※内容は「東京理科大学報」 vol.234 掲載時のものです。

人生100年時代といわれる今、保険を通して、自然災害や年金問題など、社会課題解決の一翼を担う。

経営者として、会社の成長のために日々奮闘
三井住友トラスト・ライフパートナーズ株式会社 取締役社長
三井住友信託銀行 執行役員

西ケ谷 ゆう子さん

三井住友トラスト・ライフパートナーズ株式会社 取締役社長
三井住友信託銀行 執行役員
1989年3月 東京理科大学理工学部情報科学科卒業。同年4月三井住友信託銀行(旧住友信託銀行)に入行。法人営業、支店長、本部長などを経て、2021年三井住友信託銀行執行役員に。2022年4月 関連会社である三井住友トラスト・ライフパートナーズ株式会社に出向。取締役社長に就任。三井住友信託銀行執行役員と兼務。

「自分の考え方ひとつで、幸せにも不幸にもなれることを意識してほしい」

異常気象による災害や頻発する地震、超高齢化など、先の見えないこの時代、保険を頼る人は少なくない。西ケ谷さんが代表を務める三井住友トラスト・ライフパートナーズ株式会社は、損害保険や生命保険など、1つの保険会社ではなく、たくさんの会社の商品を取り扱う乗合代理店だ。西ケ谷さんは、立場上お客さまと接する機会は少なく、経営者として、会社の成長のために日々奮闘している。中でも、保険と真摯に向き合う社員たちの成長は、何よりも嬉しいという。

新卒で、当時の住友信託銀行に総合職として入行した西ケ谷さんは、これまで 13回の転勤を経験し、銀行、信託等の多岐にわたる業務を担当してきた。2005年には 39歳の若さで、支店長にも抜擢された。しかし、すべてが順調だったわけではない。過去に大きな転機が3度あったという。花形業務のファンドマネージャーから異動を命じられた時、支店長になった8年後、内部監査部へ異動を命じられた時。そして、再び支店長として成績改善を求められた中、業績不振が続いた時だ。「当時は深く落ち込み、家で一人泣くこともありました。ですが、失敗や嫌だと思ったときこそ、毎回、気づきや学びがあり、成長と満足を感じることができました。周囲とのやりとりの中で、新たな自分を発見し、前向きに行動できたことは、一緒に働いた人たちのおかげであり感謝しています。この3度の転換点は私の人生の宝です。この困難に直面した時に回復する力(=レジリエンス)こそ、私が今でもとても大事にしているマインドです」と話す。

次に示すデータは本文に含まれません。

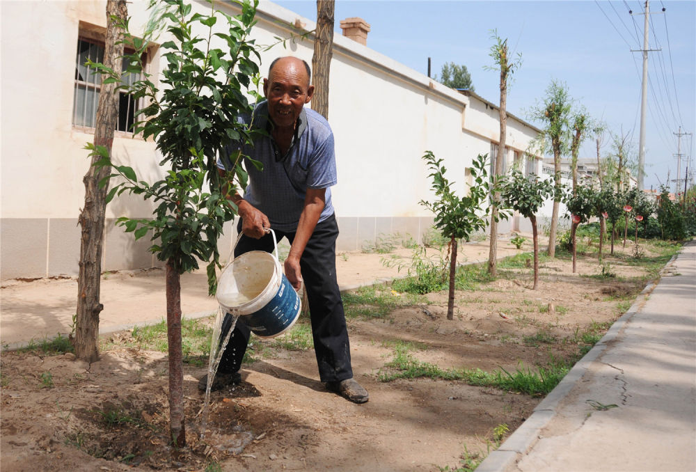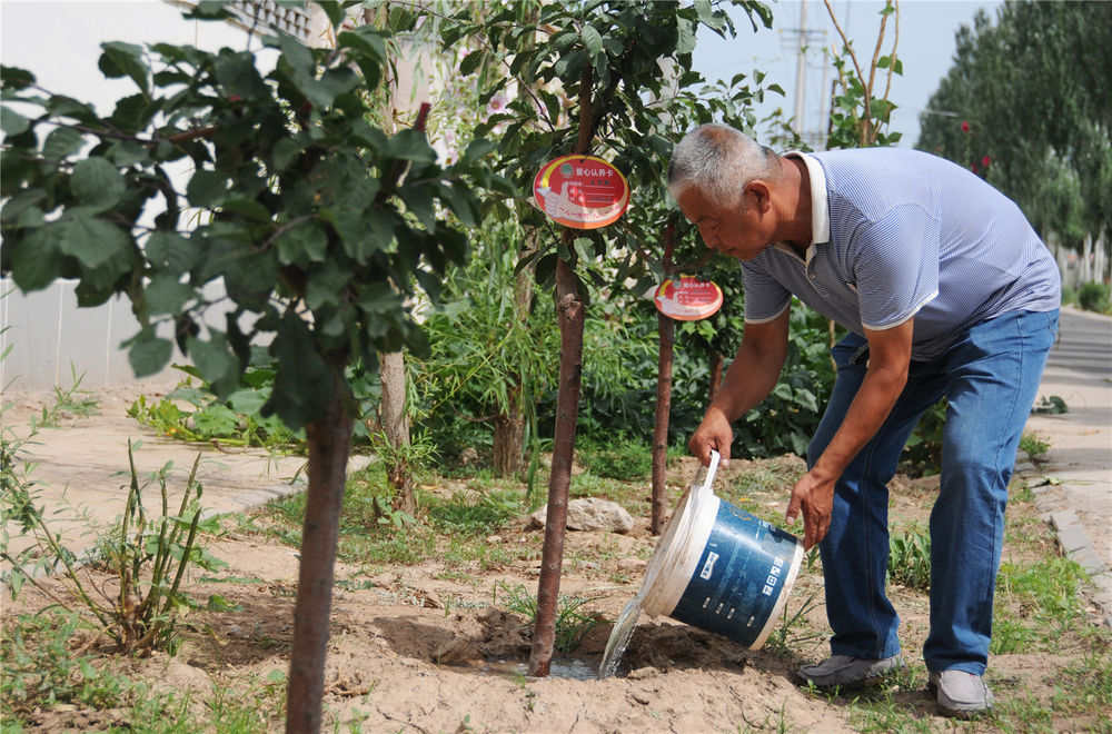正在澆樹的村民王忠明說:“前幾年我種了榆樹,今年又補種了果樹,既能乘涼,又能吃水果,一舉兩得?!?/p>

大学時代は、洪水・熱波・干ばつなど滅多に起こらない異常気象を扱う「極値統計学」を学んでいたという西ケ谷さんは、自らを劣等生だったと振り返る。「学生時代にもっと勉強していればと、後悔しています。だからこそ、皆さんにはまずは、勉強を頑張ってほしいです。それから、自分の考え方ひとつで、幸せにも不幸にもなれることを意識してほしいです。成功することで幸せを感じるのではなく、幸せだと思えることを継続することが、結果として自分や周りの成功につながるのだと思います」。荒波を乗り越えてきた西ケ谷さんからのエールは、苦境に立たされたときに、自分を奮い立たせてくれる、何よりの保険になるのかもしれない。

社会やお客さまの課題解決の役に立つことが企業としての存在意義だという。